Positronium mean lifetime imaging with two photons, discussed in this article, is beneficial in relation to imaging using three photons due to the smaller attenuation of photons in the body and higher detection sensitivity. In case of the ortho-positronium 2γ imaging, the attenuation of photons in the body will be much smaller than for the oPs→3γ imaging. This is because in the latter case, there is one more photon which needs to escape from the body and the energy of photons in case of oPs→3γ ranges from 0 to 511 keV, and thus, these photons having energy lower than 511 keV are on the average more strongly absorbed in the body with respect to 511 keV photons from the 2γ annihilations. Moreover, the ortho-positronium mean lifetime imaging based on the oPs→2γ events may directly be applied in the present TOF-PET systems. Making the application of the proposed method possible in the future.

Conclusions

The method discussed in this article, in general, enables to determine a spectrum of positron lifetime on a voxel by voxel basis. Allowing to determine not only an image of the mean lifetime of ortho-positronium (or in general a distribution of mean ortho-positronium lifetimes [41]), but it also gives access to the images of mean lifetime of the direct electron-positron annihilations and the probability of the positronium formation [8]. Establishing correlations of these parameters with the cancer grade requires systematic long-term study. There are first in vitro measurements indicating differences in positronium properties in healthy and cancerous tissues [4]. The application of the method advocated in this article makes an in vivo investigations possible which, due to the fact that positronium interacts in the living organisms with bio-active molecules, may reveal yet unknown features useful for diagnosis.

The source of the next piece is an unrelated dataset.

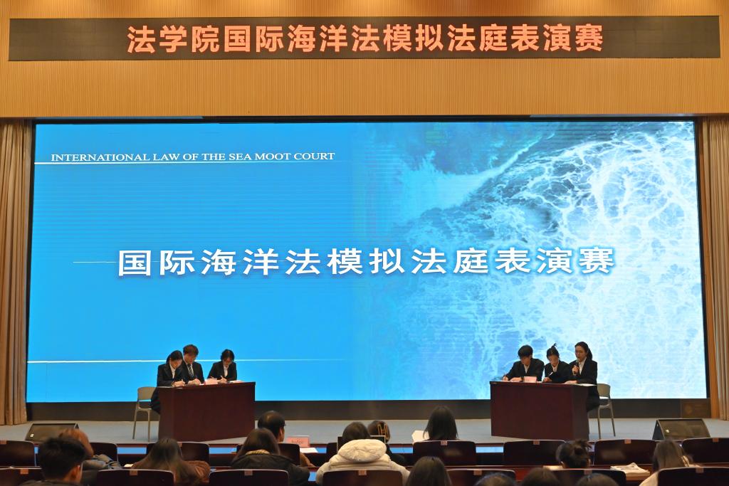 12月7日晚19:00,由法学院举办的国际海洋法模拟法庭表演赛在我校图书馆报告厅正式开赛,并最终取得圆满成功。

Finally, it is worth noting that one of the important features of the mean ortho-positronium lifetime image is that it does not require attenuation corrections [8]. This is because of the lifetime of ortho-positronium is independent of photons attenuation, and though suppression of photons in the body affects the statistics in a given voxel, it does not affect the shape of the lifetime spectrum, leaving the mean lifetime unaltered.